Sedangkan, aktivitas garis belakang; para perempuan yang tidak ikut berperang, perempuan pinggiran yang jauh dari lingkaran kekuasaan, perempuan yang tidak terlibat carut-marut perpolitikan, dan sebagainya. Kesejarahan mereka sekadar terpandang sebagai sesuatu yang remeh-temeh, alias bukan sejarah melainkan hanya “masa lalu” saja.
Maskulinitas Sejarah
Iklim sejarah konvensional yang demikian, sadar atau tidak, mendorong sejarah menjadi maskulin. Sejarah lebih banyak berkutat pada topik-topik seputar kekuasaan, perang, dan berbagai kegiatan politik yang dahulu itu menjadi arena hidup mayoritas laki-laki.
Sedangkan, aktivitas garis belakang yang dahulu, bahkan hingga saat ini, banyak terisi oleh perempuan menjadi terabaikan dalam sejarah.

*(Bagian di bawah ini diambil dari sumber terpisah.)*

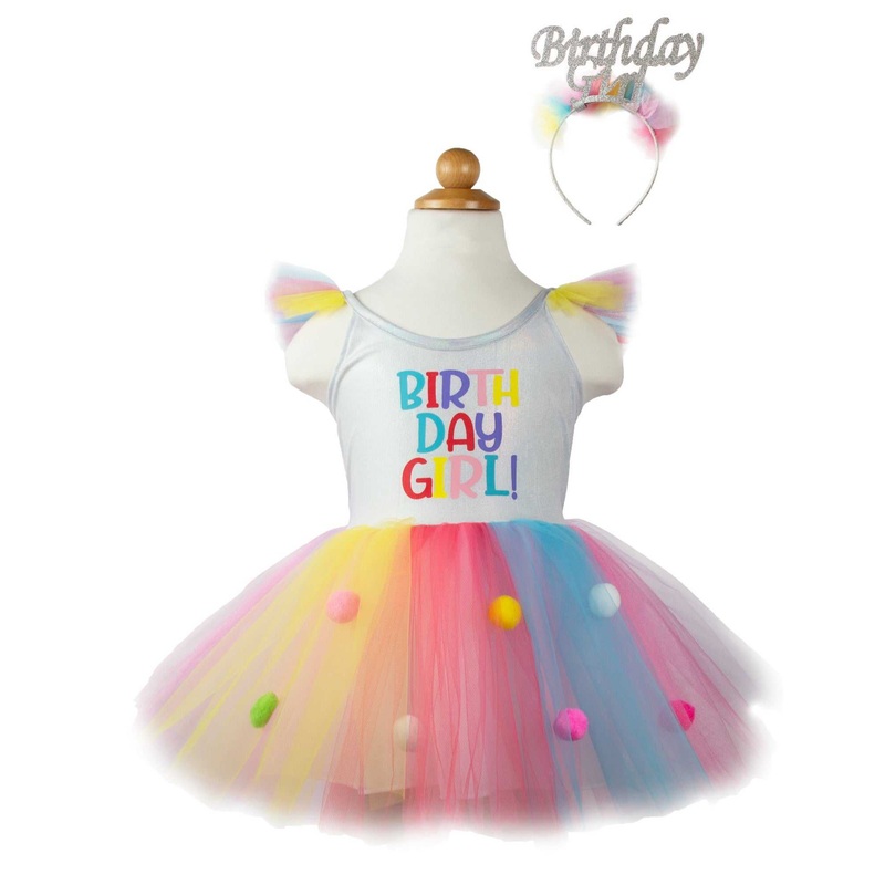 Heute mchte ich ein Geburtstagskind sein!Die Verkleidungen von Great Pretenders sollten in keinem Kinderzimmer fehlen.Ob zum Fasching, fr die Mottoparty oder fr das Rollenspiel, die Kostme sind ein echter Hingucker.Im Rollenspiel strken Kinder ihr Selbstvertrauen und ihre Sozialkompetenzen. Wenn die Kinder in Verkleidungen schlpfen, erschaffen sie ihre eigene fantasievolle Welt und regen ihre Kreativitt an.Dieses Set besteht aus einem Tutu- Kleid und einem Haarreif.Das Tutu- Kleid besteht aus Schichten aus rosa, blauem und gelben Tll und ist mit bunten Pompons besetzt.Das Oberteil und die Trger sind aus Stretch- Spandex und die Tllpuffs an den Schultern vervollstndigen den Look.Modell: 33703Material: PolyesterAltersempfehlung: 3-4 JahrePflege: Kaltwsche Schonwaschgang

Oleh karena itu, meski semakin banyak nama perempuan yang tercatat dalam sejarah, namun historiografi kita terus menjadi his-story. Di mana hal itu lebih banyak menjustifikasi kepahlawan laki-laki, dan seakan terus meminggirkan her-story yang mengabadikan sosok serta kiprah kesejarahan perempuan.
Bahkan dalam lingkup sejarah perempuan sendiri, maskulinitas sejarah juga terbilang kental terasa. Paradigma kesetaraan gender, tanpa sadar, menjebak kita untuk terus mencari dan mengklaim kepahlawanan sosok-sosok perempuan yang kiprahnya berada di garis depan peradaban.
Pandangan kalau laki-laki bisa mengisi peran garis depan, maka perempuan juga bisa. Itu membuat kita terus mencari sosok-sosok perempuan dalam sejarah di arena yang dahulu banyak terisi oleh laki-laki. Bahkan, kita melupakan arena garis belakang yang “pada masa lalu” menjadi tempat eksistensi bagi banyak perempuan.
Perempuan di Garis Depan Peradaban
Ya, memang, bukan tidak mungkin menemukan perempuan yang berada di garis depan peradaban. Beberapa nama yang saya sebutkan di awal; Nyi Ageng Serang dan Cut Nyak Dien, serta masih banyak lagi sederet nama yang maju ke garis depan peperangan melawan penjajah.
Ada lagi Kartini dan Rahmah El Yunusiyyah, serta Nyi Hajar Dewantara, Sujatin Kartowijono, dan masih banyak lagi perempuan yang memengaruhi jalannya politik pada masa lalu. Dalam lingkup kekuasaan, ada Ratu Tribhuwana (Ratu Majapahit), Empat Sultanah Aceh, Ratu Kalinyamat (Reinha de Jepara), dan banyak lagi.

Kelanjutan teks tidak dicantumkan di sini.